Well, that's my 3 or 4 bits. Good Luck.
-GiH
If you're based in Europe, it might be useful to make contact with the Free Software Foundation Europe's "Freedom Task Force". The FTF have been specifically set up to help businesses deal with the legal issues surrounding free software.
Freedom Task Force
I have worked for what called itself "a global IT consulting company", and until recently they were ACTIVELY not interested in Open Source. Reason: they had ample investment in MS tools and skills, and even internal IT was fighting like mad to keep FOSS away because they were worried about their jobs (it appears hard to change away from VB). They even spend a fortune on a CMS which I could have done for 10% of what they spent (with Joomla) and still have enough left for a cracking party..
:-).
The bottom line was simply that they were making a Godawful amount of money from flogging MS stuff because it needs so much maintenance, and because they kept telling the clients that FOSS was not good enough (notice the conflict of interest here). Stability and good structure wasn't in their interest at all, and you also note the stiff ignoring of the clients' interest here (which is not atypical, btw, it's called "the big picture", being the argument that makes most senior staff think their corporate ethics policy is just another marketing tool - think Enron or Andersons here for examples of where that eventually leads).
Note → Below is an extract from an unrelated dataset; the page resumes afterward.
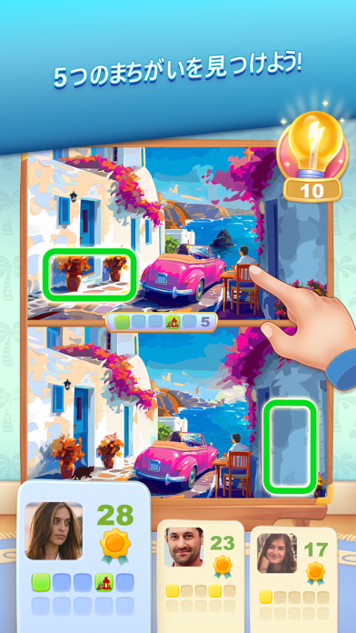 複数人で間違い探しに挑み、1位を獲得するとステージクリア。はじめは数秒で解けるほど簡単で、少しずつしっかりした難易度になっていきます。

Of course, even board level clients eventually emerged from the FUD fog they're normally surrounded with and start asking rather pointed questions about budgets, at which point said consultancy has to cook up an answer. It's IMHO the best indicator that Linux has finally 'made' it, helped by the latest MS alliance/absorb attempt of Novell.
Given the time lag between FOSS being a viable proposition (which was approx 3 years ago) and your current question I would suggest your company has just gone through the same cycle.
There are a number of aspects you need to take care of before you can offer any FOSS consulting:
(1) Skillset. Unless your own coders are familiar with FOSS coding tools and languages they will not deliver quality. There is a learning cycle required to 'undo' the MS hive mind mentality and use the 'Lego block' approach FOSS uses to assemble the right tool/code for the job.
(2) Platform. The most effective use of FOSS code is on a FOSS platform, but Linux/Unix is VASTLY different from how Windows works (despite conceptually borrowing heavily). Getting familiar with how a real multi-user system works also takes time, and the platform toolkit will probably give you the steepest leaning curve. AFAIK the key difference is that the UNIX roots of a Linux platform has lots of little tools you assemble together to build a solution, vs the MS way of 'one tool does it all' as long as you can control it. This means learning about lots of different little programs, and there is not ONE way to make something happen (the good news here is that it gives you flexibility and backup options
(3) Approach. It takes some thinking about how you can use the Open Source world. If you + clients just see it as a source of cheap code you're losing one of the primary benefits: collaboration and its cousin: integration. However, that aspect in itself is scary for the average exec after years and years of MS and consulting FUD that FOSS is bad and dangerous (yes, consultancies have done their fair share of FUD distribution to protect their own interests). It takes time to understand and absorb that mindset - don't underestimate that challenge, but 'getting it' is crucial.
(4) Legal. As a consultancy you're most likely going to straddle the two worlds to integrate and migrate facilities. There are a range of legal gotchas (mostly from the proprietary side) that you'll have to look out for. The Open side is here safer than the 'closed' side, be careful not to taint your developments because that can hit you years later.
(5) Marketing. You'll have to interface with the 'current' world and the somewhat amorphous/nebulous FOSS community. That takes skills too, and unless you've been involved with FOSS for a while I would suggest you tread VERY carefully for the first year or so. Get used to the culture, because you can seriously shoot
Be careful because you're heading into a conflict zone. FOSS does NOT have all the answers, and is not THE solution, ditto for anything proprietary. It is part of a solution set.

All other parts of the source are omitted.